DATA SECTION —

########################################

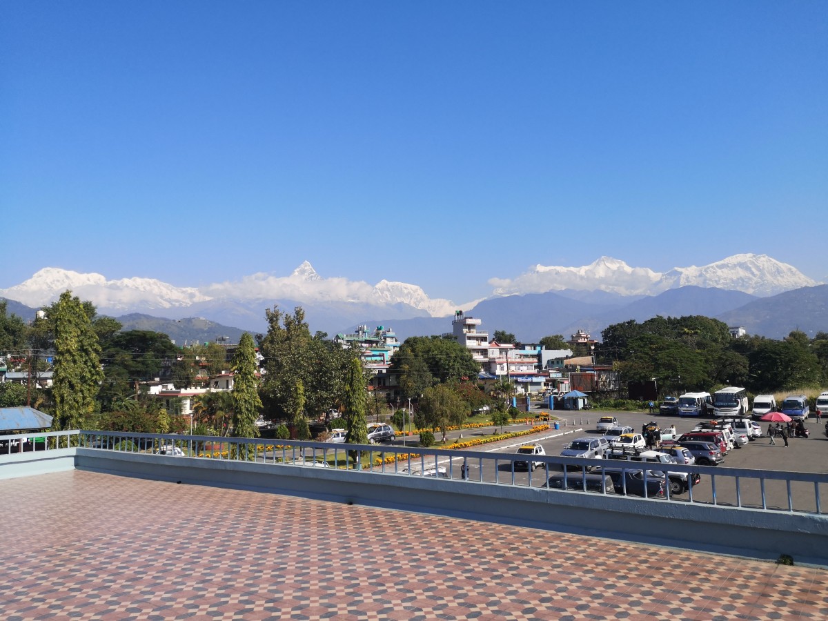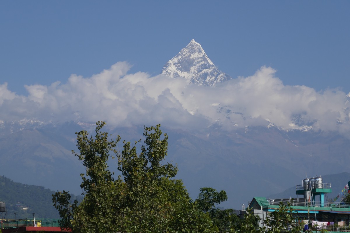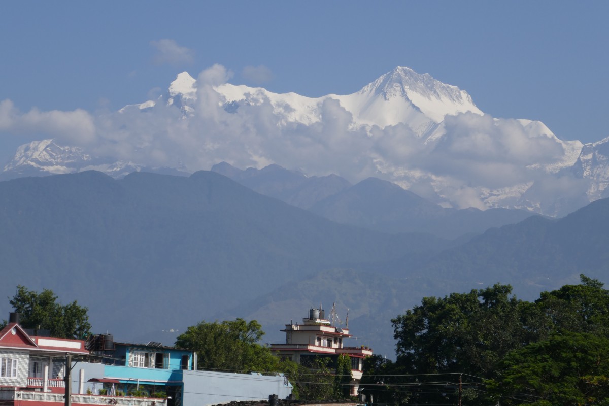 wir den Postkartenausblick auf die verschiedenen Gipfel der Annapurna, Machapuchare und Lamjung Himal bei Kaffee oder Masala Tea.
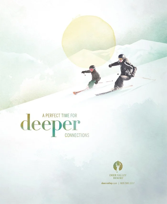 Always a class act, Deer Valley requested something artful and elegant for their national ad campaign. The underlying strategy highlighted the connections friends and family make on Deer Valley vacations. They’re not just trips … they’re traditions. The spacious feeling of the wide-open slopes makes room for parents and kids to connect, for friends to forge new inside jokes, for couples to cut the work talk and play outside together.
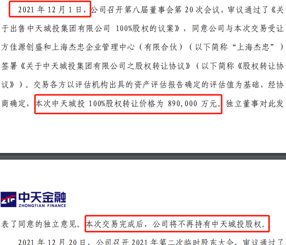 但三個月後,中天城投全部股權的轉讓價格變為89億元,直接腰斬。轉讓後,中天金融將不再持有中天城投的股份。

########################################

Write the data above out again exactly, every line of it, and exclude the pictures.

 wir den Postkartenausblick auf die verschiedenen Gipfel der Annapurna, Machapuchare und Lamjung Himal bei Kaffee oder Masala Tea.
 Always a class act, Deer Valley requested something artful and elegant for their national ad campaign. The underlying strategy highlighted the connections friends and family make on Deer Valley vacations. They’re not just trips … they’re traditions. The spacious feeling of the wide-open slopes makes room for parents and kids to connect, for friends to forge new inside jokes, for couples to cut the work talk and play outside together.
 但三個月後,中天城投全部股權的轉讓價格變為89億元,直接腰斬。轉讓後,中天金融將不再持有中天城投的股份。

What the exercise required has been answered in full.